Exercise aim:
Write out exactly the lines below starting at the one containing "mit Sessel, Hochbett" and ending at the one containing "Elmer's No-Wrinkle Rubber Cement provides". Omit every picture.

[Dataset excerpts]

━━━━━━━━━━

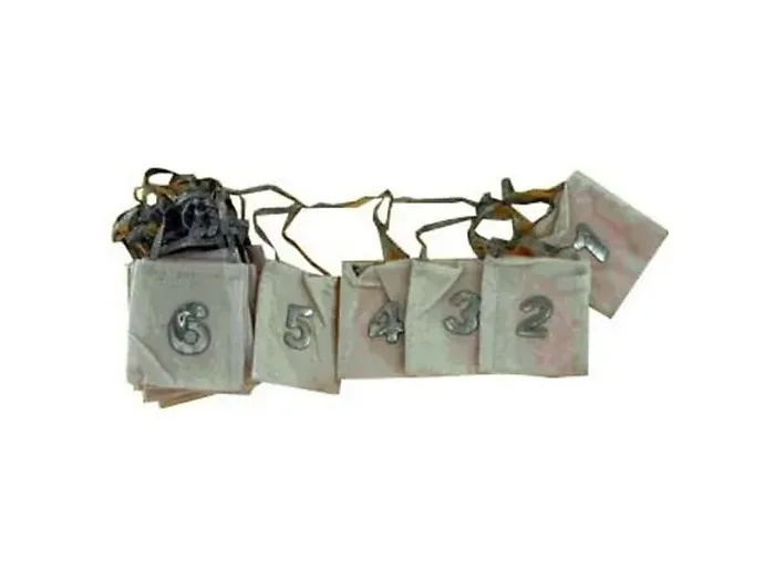 Celebrate the holiday season with this beautifully crafted Christmas countdown garland. Featuring 24 white velvet pouches, each adorned with a silver patch numbered from 1 to 24, this garland adds a touch of elegance to your festive decor. The pouches are securely bound together with a silver metallic ribbon, making it easy to hang and display. The garland measures approximately 5 feet in length, and each pouch measures 2 3/4" x 2 3/4". Perfect for holding small treats or surprises each day leading up to Christmas!
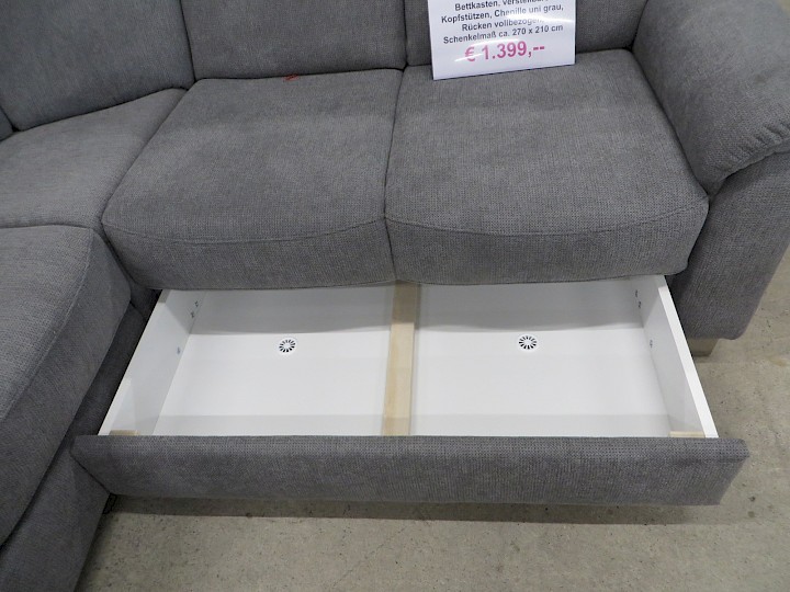 mit Sessel, Hochbett & Bettkasten, verstellbare Kopfstützen, Bezug Chenille uni grau, Rücken vollbezogen, Schenkelmaß ca. 270 x 210 cm
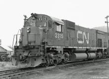 CN 2315 MLW M636 and another M636 were in Newberry Yard on 11/28/1976.
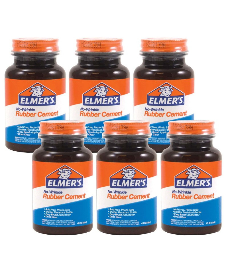 Elmer's No-Wrinkle Rubber Cement provides an easy solution for adhering photos and detailed cut-and-paste projects. The shatter-resistant container includes a brush-on applicator. Excess glue rubs off cleanly and shows no wrinkles as it dries! Elmer's No-Wrinkle Rubber Cement is acid free and photo safe. Each bottle includes 4oz. Sold as a pack of 6 bottles.
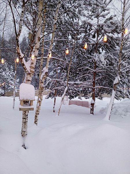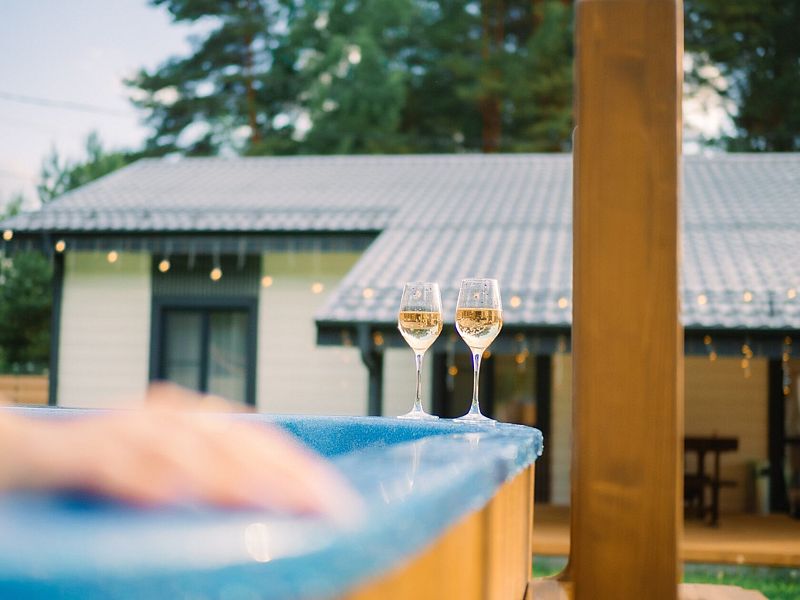 Вода в чане нагревается до комфортной температуры. Чан с гидромассажем и подсветкой. Необыкновенное удовольствие, окунувшись в теплый чан, любоваться ночным небом. Ритм жизни замедляется и появляется ощущение «здесь и сейчас».
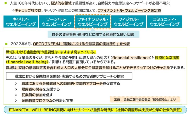 米国ギャラップ社は、ウェルビーイングを五つの要素に分解したうちの一つを「ファイナンシャル・ウェルビーイング(FINANCIAL WELL-BEING)」としている。このファイナンシャル・ウェルビーイング向上には金融教育の充実が欠かせない。

━━━━━━━━━━

The completed task:
 mit Sessel, Hochbett & Bettkasten, verstellbare Kopfstützen, Bezug Chenille uni grau, Rücken vollbezogen, Schenkelmaß ca. 270 x 210 cm
 CN 2315 MLW M636 and another M636 were in Newberry Yard on 11/28/1976.
 Elmer's No-Wrinkle Rubber Cement provides an easy solution for adhering photos and detailed cut-and-paste projects. The shatter-resistant container includes a brush-on applicator. Excess glue rubs off cleanly and shows no wrinkles as it dries! Elmer's No-Wrinkle Rubber Cement is acid free and photo safe. Each bottle includes 4oz. Sold as a pack of 6 bottles.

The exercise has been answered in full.